The real Game 3 shares DNA with Timeline 1. Both feature Florida building a lead, Cleveland storming back in the 8th, Florida scoring big in the 9th to retake the lead, and Cleveland rallying in the bottom of the 9th. In the real game, that final rally fell 3 runs short. In Timeline 1, Matt Williams hits a walk-off double to complete it.
The same players appear in both scripts. In the real game's bottom of the 9th: Bip Roberts hits a two-run double. Omar Vizquel makes the last out. In the multiverse, Bip Roberts bats .370 in close-and-late situations. Vizquel hits .553. The hitters who nearly saved the real game are the ones who actually save it, over and over, across 69 timelines.
The real game's 9th inning - Florida's 7-run explosion, Cleveland's desperate 4-run answer - looks like exactly the kind of thing the simulation produces. It looks like something that could go either way. The multiverse confirms that it could. It just usually goes the other way.
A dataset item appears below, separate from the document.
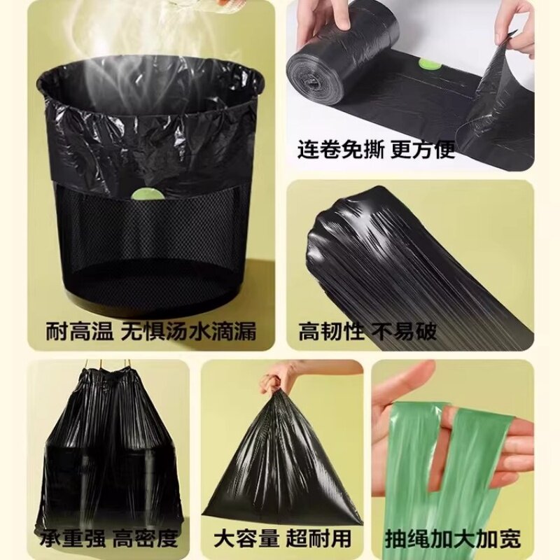 抽绳垃圾袋家用手提式加厚中大号商用批发实惠装厨房黑色塑料袋子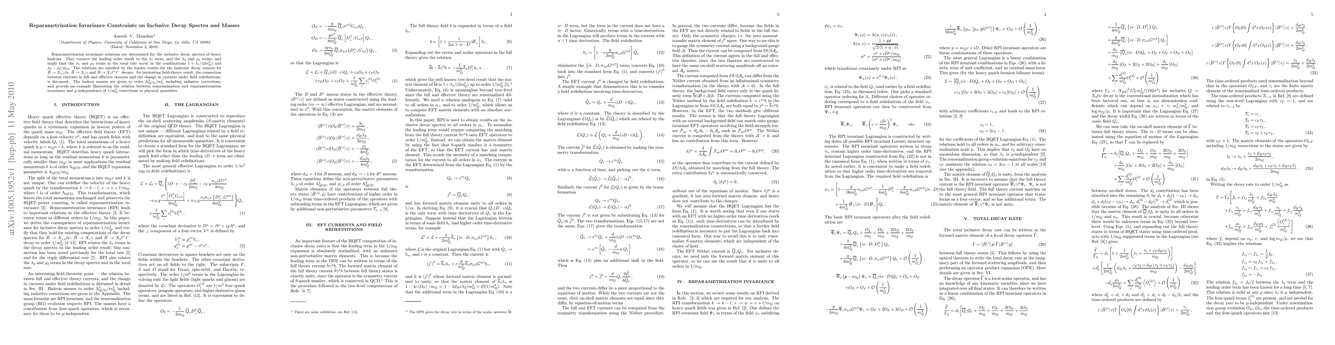 This paper establishes reparametrization invariance constraints for inclusive decay spectra of heavy hadrons, linking leading order results to specific terms and showing consistency with known decay tensors. It also explores the connection between currents in full and effective theories and provides hadron mass corrections to order (Λ_QCD)^3/m_Q^2, illustrating the interplay between renormalization and reparametrization invariance.

In 69 versions of October 21, 1997, Florida's victory is the exception. Not the rule. Not even particularly close to the rule. Cleveland wins 74% of the time. They come back from any deficit. They win 15 of 19 one-run games. They are, across every possible version of this night, the better team.
Florida won the game that counted. The multiverse has spent 69 timelines disagreeing.